-- Opening Marker --
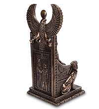Ее трон украшает синий беркут с золотым шаром на голове. У Бастет человеческое тело, но голова кошки. Как известно, кошки – веселые и любящие создания, а кошка считалась в древнем Египте священным животным; возможно, Бастет покровительствовала и кошкам? Любопытно, что ее подножье трона украшено сфинксами, имеющими человеческую голову.
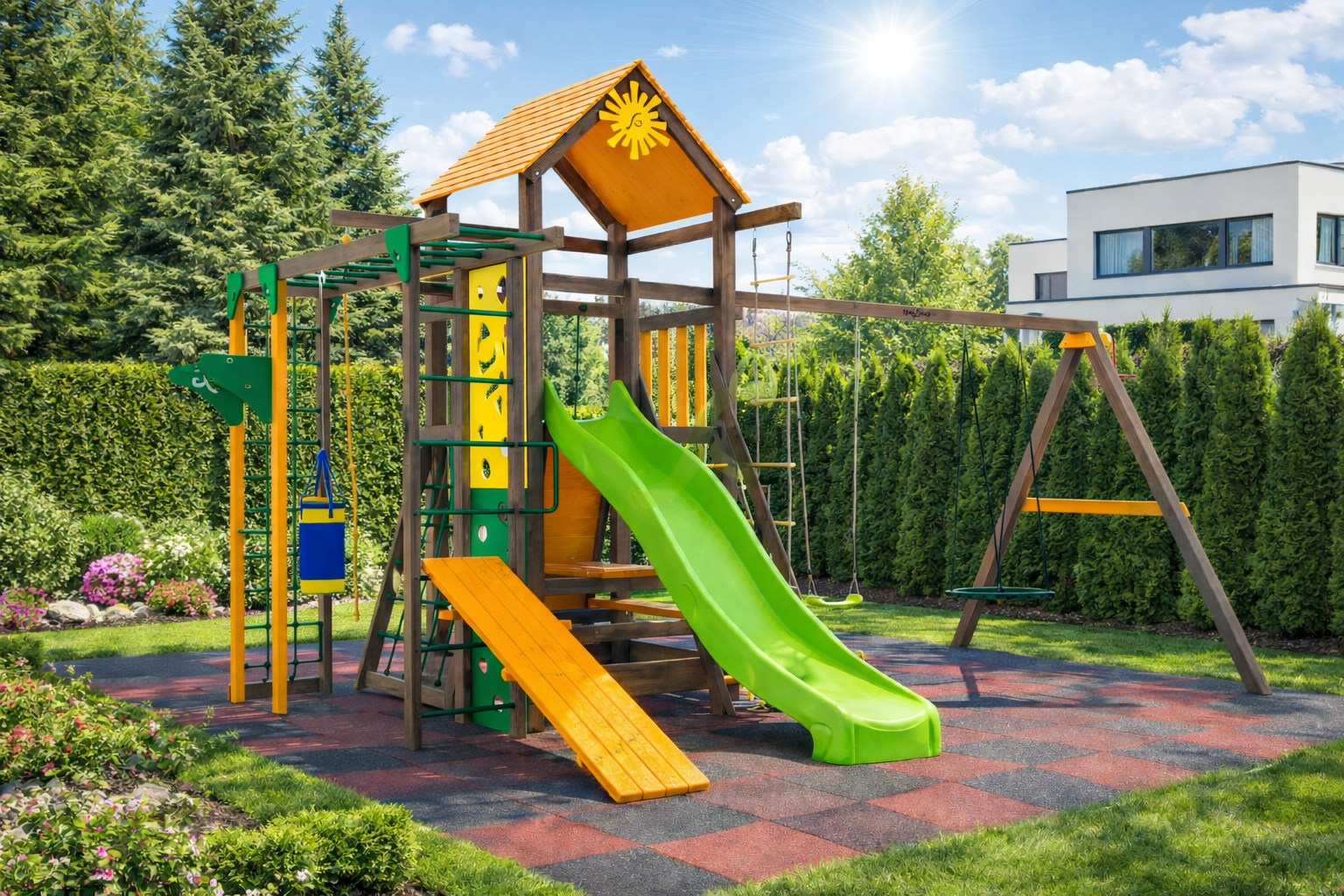 Обращаем Ваше внимание, что цвет установленной детской площадки может отличаться от представленных изображений на сайте. Специфика окраски нетоксичными пропитками допускает отклонения в цветовой гамме отгружаемых изделий вследствие различного цвета натурального природного сырья и естественных компонентов, используемых для производства площадок.
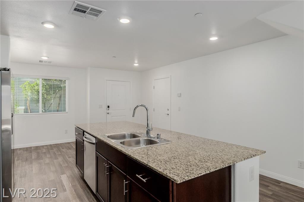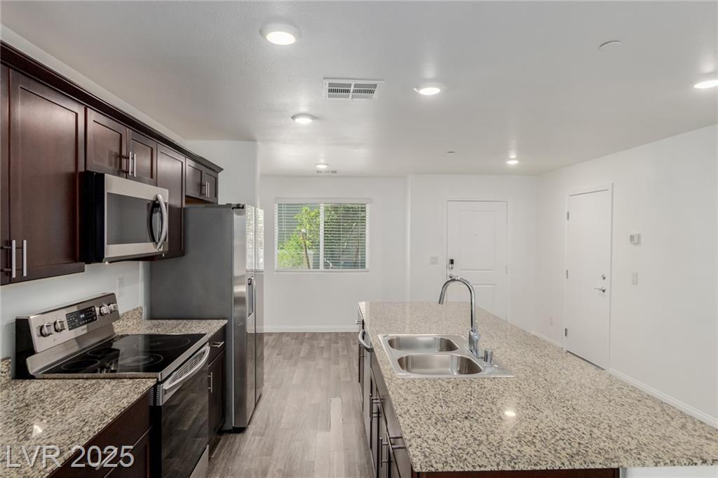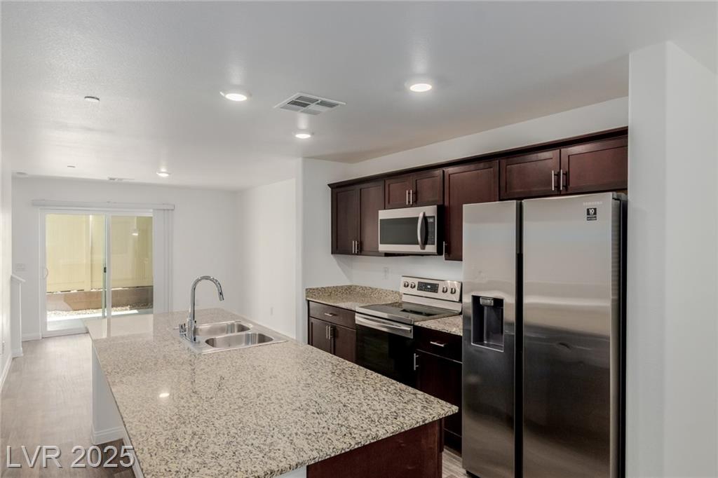 Modern 3-bedroom townhome in the Mosaic community! Open floor plan, granite countertops, stainless steel appliances, and luxury vinyl plank flooring throughout. The primary suite features dual sinks and a walk-in closet. Private fenced yard and attached 2-car tandem garage. Community features pools, parks, and walking trails. Water, trash, and internet included. Convenient location near Las Vegas Blvd and St. Rose Pkwy—close to shopping, dining, and freeway access.
-- Closing Marker --
- EXERCISE BRIEF
Exactly repeat the data above; the pictures do not belong in your copy.

- EXPECTED ANSWER
Ее трон украшает синий беркут с золотым шаром на голове. У Бастет человеческое тело, но голова кошки. Как известно, кошки – веселые и любящие создания, а кошка считалась в древнем Египте священным животным; возможно, Бастет покровительствовала и кошкам? Любопытно, что ее подножье трона украшено сфинксами, имеющими человеческую голову.
 Обращаем Ваше внимание, что цвет установленной детской площадки может отличаться от представленных изображений на сайте. Специфика окраски нетоксичными пропитками допускает отклонения в цветовой гамме отгружаемых изделий вследствие различного цвета натурального природного сырья и естественных компонентов, используемых для производства площадок.
 Modern 3-bedroom townhome in the Mosaic community! Open floor plan, granite countertops, stainless steel appliances, and luxury vinyl plank flooring throughout. The primary suite features dual sinks and a walk-in closet. Private fenced yard and attached 2-car tandem garage. Community features pools, parks, and walking trails. Water, trash, and internet included. Convenient location near Las Vegas Blvd and St. Rose Pkwy—close to shopping, dining, and freeway access.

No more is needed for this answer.